Ингвар отмахнулся, ушел. Павка с его беззаботной болтовней
не рассеял недоброго предчувствия. Он, Ингвар, не родился в лесу, но воевал в
нем всю жизнь, и, когда за плечами не огромное войско, а малая дружина, куда
важнее видеть безопасной дорогу к отступлению, чем к возможной победе.
А эта новенькая изба стоит последней, самой крайней. Дальше,
в полусотне шагов, высится крепостная стена с двумя мощными башнями. На ней не
меньше троих стражей, а когда русы только подъезжали к терему, Ингвар
рассмотрел на башне десятка два вооруженного народу. Башня выше избы, оттуда
легко бить стрелами по окнам. И нечего радоваться, что окна широкие.
– Отдыхать по очереди, – сказал он негромко Окуню.
Глаза Окуня расширились:
– Ждешь беды?
Ингвар кивнул:
– Оглянись.
Если прямо за избой была крепостная стена с двумя
сторожевыми башнями, то сзади, по обе стороны той дороги, где их провели,
стояли мрачные амбары, конюшни, склады. Дорога узка, но отступать можно только
по ней. Однако если на крыши вывести стрелков… или даже простых мужиков и баб с
камнями и кипятком, то перебьют половину дружины раньше, чем те достигнут
ворот.
А там полягут остальные.
– Пуганая ворона куста боится, – заметил
Окунь, – но, по чести говоря, мне тоже не по себе. Похоже на ловушку. Ты
им предложи, что останемся вон в том сарае. Нам ведь только переночевать, а
утром уедем. Стоит ли нести грязь и пыль в такую чистенькую избу? Для них это
прямо княжеский терем!
Павка возмутился:
– Ингвар! Пошто обижать людей? Нам там снеди
наготовили. Авось все-таки баб молодых подложат. Мы ж витязи хоть куда! От нас
порода только улучшится. А чтобы ее не подпортить, я и ваших девок возьму на
себя.
Измученные нелепой скачкой через лес дружинники зароптали.

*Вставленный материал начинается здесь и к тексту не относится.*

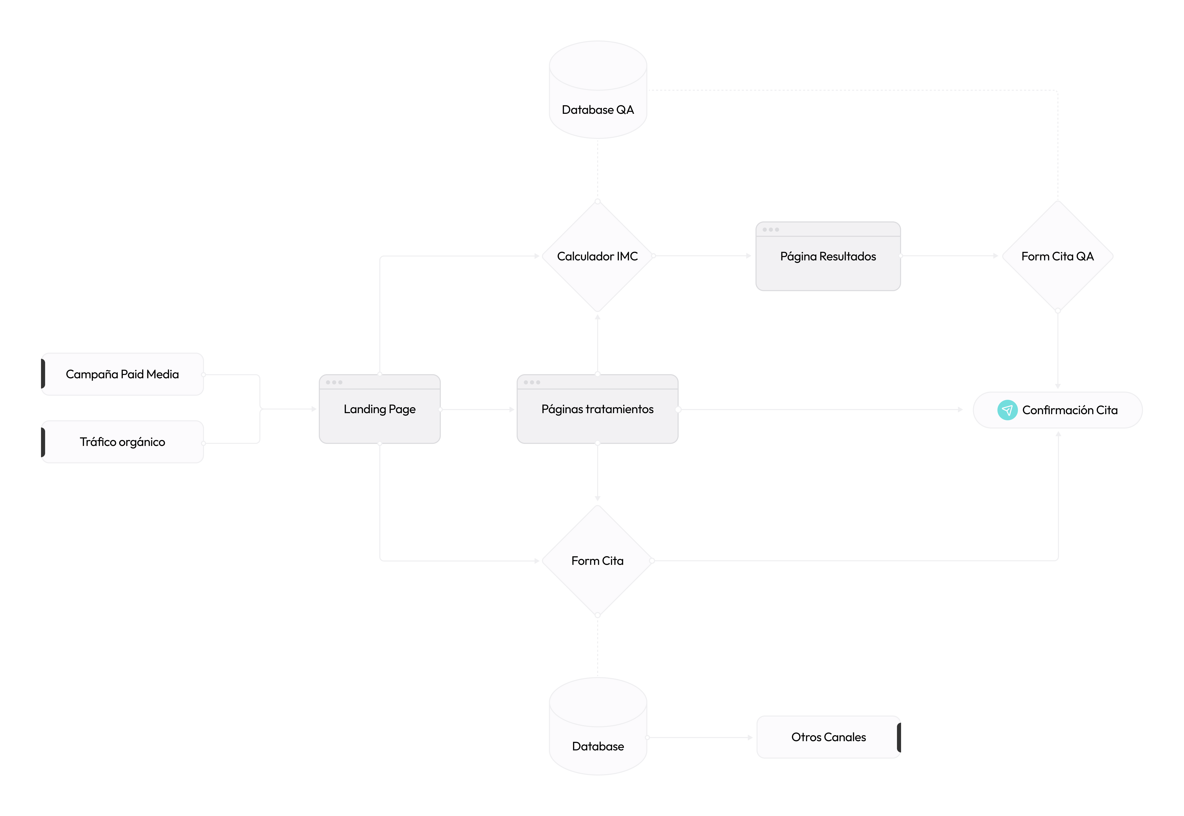 Planteamos el proyecto con un diagrama de flujo para optimizar el customer journey, desde el clic en el banner hasta lograr el objetivo estratégico.

Ингвар поймал и насмешливые взгляды. Похоже, начнут еще смотреть как на труса,
ставшего воеводой лишь благодаря беспредельной преданности великому князю!
Он вспыхнул:
– Добро. Но когда вас будут привязывать за ноги к
вершинкам, не жалуйтесь! Кто стремится лечь в постель помягче, просыпается на
жестком.
Не оглядываясь, прошел во вторую комнатку. Ее оставили для
воеводы. Окунь пошел следом, спросил в спину:
– Как ты ее найдешь?
Ингвар нахмурился, но Окунь спрашивал без иронии, без намека
на безнадежность искать иголку в стоге сена, к которому не дадут и
приблизиться. В голосе молодого, но не по годам рассудительного дружинника было
лишь страстное и почтительное желание учиться у более знающего, опытного, умелого.

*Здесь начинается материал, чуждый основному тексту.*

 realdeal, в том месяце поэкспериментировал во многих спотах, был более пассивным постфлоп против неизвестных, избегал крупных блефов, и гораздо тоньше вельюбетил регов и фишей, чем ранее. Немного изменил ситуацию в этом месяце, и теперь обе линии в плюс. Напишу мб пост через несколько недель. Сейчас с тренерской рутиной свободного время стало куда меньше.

Ингвар ощутил себя как на краю пропасти. Окунь смотрит с
обожанием, уверен, что воевода уже знает, как поступить, ему всегда все
удается, все у него получается. А когда женится, то черти ему будут детей
качать, чтобы по ночам не плакали.
– К успеху ведет много дорог, – ответил Ингвар
многозначительно. – Бывают среди них и ложные. Но проигрывает тот, кто
выбирает только одну. Олег говаривал, что, если не помогла львиная шкура…
Он повернулся к углу, где стояло его ложе. Там копошилась,
как ящерица, что торопливо роет нору, сенная девка. Она суетливо стряхивала
пыль с ложа, заменяла простыни, стелила новое одеяло, взбивала подушки.
– Эй, иди-ка сюда.
Девка обмерла, ворох одеял вывалился из ослабевших рук.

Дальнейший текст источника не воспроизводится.